Lalla, R. V., Gordon, G. B., Schubert, M., Silverman, S., Jr, Hutten, M., Sonis, S. T., et al. (2012). A randomized, double-blind, placebo-controlled trial of misoprostol for oral mucositis secondary to high-dose chemotherapy. Supportive Care in Cancer, 20, 1797-1804.
The purpose of this study was to determine if a misoprostol oral rinse would reduce the severity of mucositis in patients receiving high-dose chemotherapy for autologous stem cell transplant.
This multi-center study employed a randomized, double blind, placebo controlled, parallel-group design. Participants were assigned to the misoprostol arm or placebo arm. Subjects swished and gargled the misoprostol or placebo solution (in 15 ml of water), held it in their mouths for 60 seconds, and then swallowed. Administration began 45 min. to 2 hours before the initiation of the conditioning regimen and then every 8 hours until 24 hours after the conditioning regimen was complete. All subjects also received instructions on standard care and instructed not to use other oral care for 1 hour after the misoprostol or placebo solution. The Oral Mucositis Index was used to grade mucositis every 2 to 3 days.

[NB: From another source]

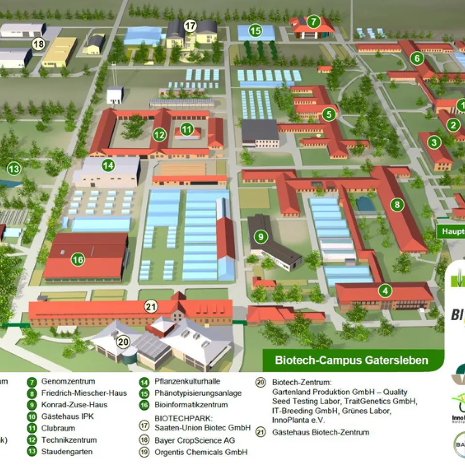 Im Biotech-Campus auf dem Institutsgelände haben sich in den letzten Jahrzehnten Züchtungsunternehmen, Biotechnologie-Start-ups und das Schülerforschungslabor „Grünes Labor Gatersleben“ angesiedelt.

The study was comprised of 48 patients, 22 in treatment arm and 26 in placebo group, with an age greater than or equal to 18 years.
MALES 30%, FEMALES 70%
KEY DISEASE CHARACTERISTICS: Lymphoma, multiple myeloma, or solid tumor patient undergoing autologous stem cell transplant.

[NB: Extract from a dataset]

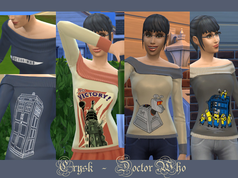- "Doctor Who Logo" on the front and "TARDIS sketch" on the back

OTHER KEY SAMPLE CHARACTERISTICS: Patients could not have been receiving cisplantin/carboplatin conditioning regimens or total body irradiation.
SITE: Multi-site
SETTING TYPE: Inpatient
LOCATION: Six participating sites in the United States
PHASE OF CARE: Active antitumor treatment
APPLICATIONS: Palliative care
Randomized, double-blind, placebo-controlled, parallel group design
No statistically significant differences in Oral Mucositis Index scores. No statistically significant differences in the peak mucositis severity scores. No statistically significant differences in pain ratings, length of hospital stay, or days of total parenteral nutrition. There were no serious adverse events.
There was not a statistically significant benefit to using a misoprostol rinse in deterring the development or the severity of oral mucositis in patients undergoing autologous stem cell transplant. There was also no decrease in the length of stay or the use of total parenteral nutrition.
Small sample (<100)
Findings not generalizable
Other limitations/*explanation: The patient population was limited to only those cancer patients undergoing autologous stem cell transplant.

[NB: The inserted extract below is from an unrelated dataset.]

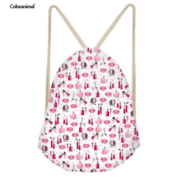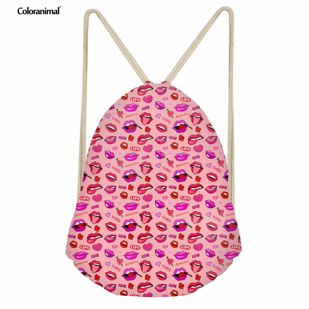 pattern:Lipstick print drawstring bag

This study provides no evidence to support using a misoprostol mouth rinse to prevent the development of mucositis, decrease the severity of mucositis, decrease the length of stay, or decrease the use of total parenteral nutrition in patients undergoing a non-TBI based or non-cisplatin/carboplatin-based conditioning regimen for autologous stem cell transplant.